◆ REQUIREMENT
Starting with the line that has "海尔太阳能热水器家用一体式节能自动上水150升120L光电两用PD3" in the records below and ending with the line that has "On the quest", output those lines exactly and nothing more; omit the pictures.

◆ SUPPLIED RECORDS
╔══

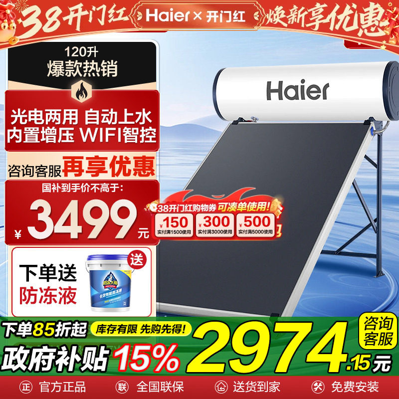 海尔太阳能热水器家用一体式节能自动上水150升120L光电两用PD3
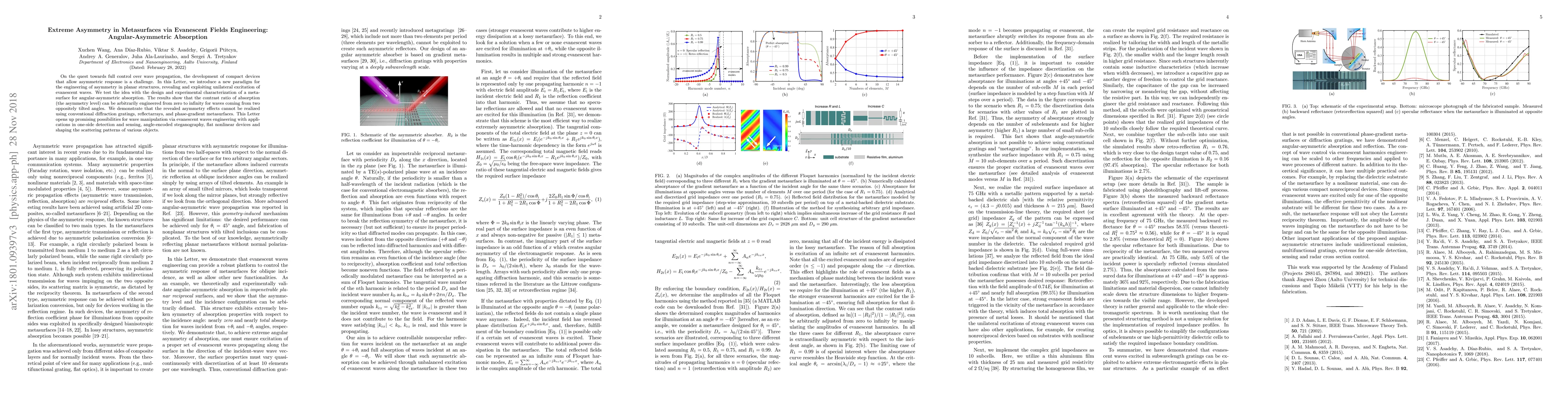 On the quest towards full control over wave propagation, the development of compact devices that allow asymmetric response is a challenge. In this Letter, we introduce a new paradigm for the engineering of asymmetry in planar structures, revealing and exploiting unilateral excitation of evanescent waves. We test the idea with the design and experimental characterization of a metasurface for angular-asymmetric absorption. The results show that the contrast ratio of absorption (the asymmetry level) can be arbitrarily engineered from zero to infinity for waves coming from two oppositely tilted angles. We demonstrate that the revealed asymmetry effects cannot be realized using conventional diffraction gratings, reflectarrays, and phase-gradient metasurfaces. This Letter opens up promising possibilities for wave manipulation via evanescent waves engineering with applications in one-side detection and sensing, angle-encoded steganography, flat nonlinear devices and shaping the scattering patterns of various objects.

╚══
╔══

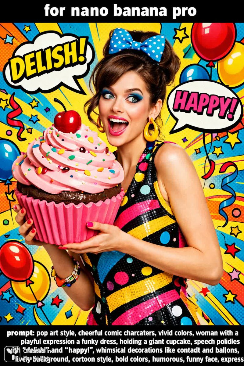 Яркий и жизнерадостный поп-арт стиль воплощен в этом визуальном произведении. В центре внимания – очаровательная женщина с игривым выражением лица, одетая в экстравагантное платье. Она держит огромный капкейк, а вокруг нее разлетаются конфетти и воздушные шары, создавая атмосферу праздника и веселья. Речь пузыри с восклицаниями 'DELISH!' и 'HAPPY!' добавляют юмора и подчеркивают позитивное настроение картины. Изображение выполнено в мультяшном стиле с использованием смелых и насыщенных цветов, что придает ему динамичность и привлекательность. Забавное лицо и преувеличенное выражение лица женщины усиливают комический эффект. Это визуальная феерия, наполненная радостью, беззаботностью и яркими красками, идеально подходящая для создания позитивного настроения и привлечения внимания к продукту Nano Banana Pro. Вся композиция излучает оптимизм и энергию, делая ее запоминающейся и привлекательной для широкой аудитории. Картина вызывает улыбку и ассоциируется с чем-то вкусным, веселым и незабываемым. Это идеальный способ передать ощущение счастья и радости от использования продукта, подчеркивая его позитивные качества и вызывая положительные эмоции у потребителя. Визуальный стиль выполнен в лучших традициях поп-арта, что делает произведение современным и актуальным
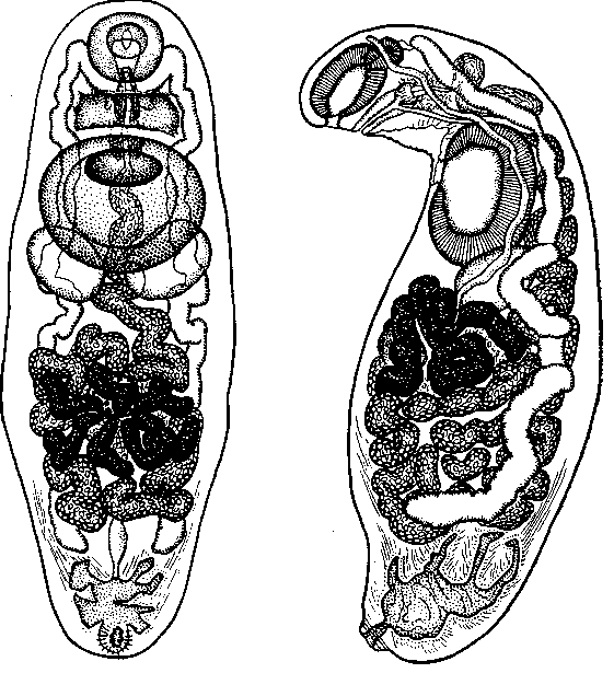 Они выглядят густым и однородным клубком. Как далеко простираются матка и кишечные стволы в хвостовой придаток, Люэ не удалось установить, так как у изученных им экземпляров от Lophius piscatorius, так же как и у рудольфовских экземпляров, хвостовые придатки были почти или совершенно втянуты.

╚══

◆ RESPONSE BOX
 海尔太阳能热水器家用一体式节能自动上水150升120L光电两用PD3
 On the quest towards full control over wave propagation, the development of compact devices that allow asymmetric response is a challenge. In this Letter, we introduce a new paradigm for the engineering of asymmetry in planar structures, revealing and exploiting unilateral excitation of evanescent waves. We test the idea with the design and experimental characterization of a metasurface for angular-asymmetric absorption. The results show that the contrast ratio of absorption (the asymmetry level) can be arbitrarily engineered from zero to infinity for waves coming from two oppositely tilted angles. We demonstrate that the revealed asymmetry effects cannot be realized using conventional diffraction gratings, reflectarrays, and phase-gradient metasurfaces. This Letter opens up promising possibilities for wave manipulation via evanescent waves engineering with applications in one-side detection and sensing, angle-encoded steganography, flat nonlinear devices and shaping the scattering patterns of various objects.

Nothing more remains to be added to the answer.